W 2013 roku GST pozwalał jedynie na podgląd trasy Świętego Mikołaja, dzięki silnikowi Google Maps. Nadal było oryginalnie i ciekawie, natomiast po dwóch czy trzech wizytach powiewało nudą. W tym roku Google poszło przynajmniej o krok dalej. Zbudowali wirtualną wioskę Mikołaja, która codziennie odkrywa przed odwiedzającymi nową atrakcję. Mało tego! Im bliżej wigilii, tym więcej funkcjonalności będzie odkrytych, a wśród nich m.in. nauka kodowania w JavaScript dla najmłodszych, czy mnóstwo mini gier online.

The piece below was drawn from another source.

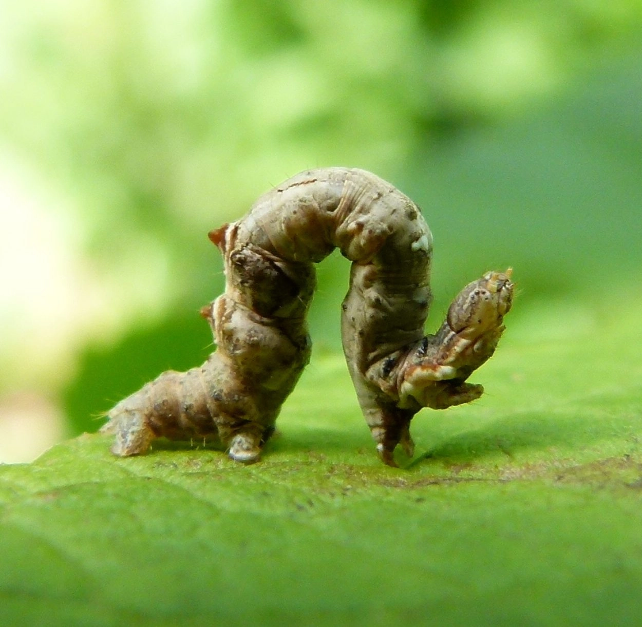 Tot 39 mm; lichaam geelachtig bruin tot bruin, variërend roodachtig bruin en donker purperachtig bruin getekend; het derde paar poten van de thorax is gezwollen en bootst de knop van een twijg na; op de rugzijde van de gezwollen segmenten zeven en acht een dubbele kegelvormige uitwas; kop bruin of grijsachtig bruin met witte tekening.
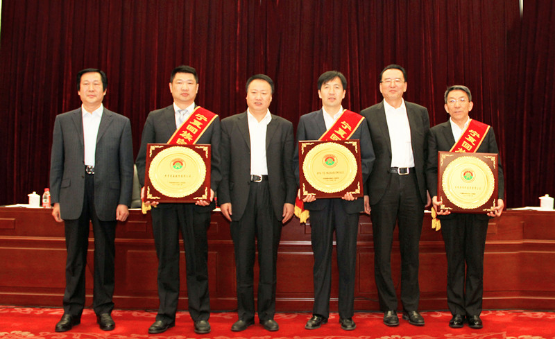 颁奖仪式上,自治区副主席王和山(左三)等领导与获奖企业领导合影。

Sama strona technicznie i graficznie stoi na niezłym poziomie i wymusza w sposób wzorowy pod kątem UX interakcję z „przyjezdnym” (w wiosce Mikołaja rzecz jasna).
Bogactwo wsi
Można by rzec. Mamy mnóstwo nowych gier online i animacji oraz kilka znanych z zeszłorocznej odsłony GTS funkcjonalności, jak na przykład możliwość „zamówienia” rozmowy telefonicznej od Mikołaja dla naszych najbliższych czy opcję by w naszym Smart TV odpalić transmisję podróży Mikołaja dzięki Chromecastowi. Niestety obie te funkcje póki co nie są dostępne dla naszego kraju, ale podobno Chromecast ma do nas zawitać do końca tego roku, więc kto wie… Polecam dokładnie przejrzeć wioskę Mikołaja od Google, bo nawet dla tych, którzy są już grubo po trzydziestce (pozdrawiam Cię Sebastian) dostarczy ona sporo rozrywki. Na pewno więcej niż „Kevin sam w domu”.
P.S. Tegoroczny GTS działa również na smartphone’ach… Z Androidem oczywiście. Wesołych świąt ode mnie – przedwcześnie ale szczerze. #hohoho!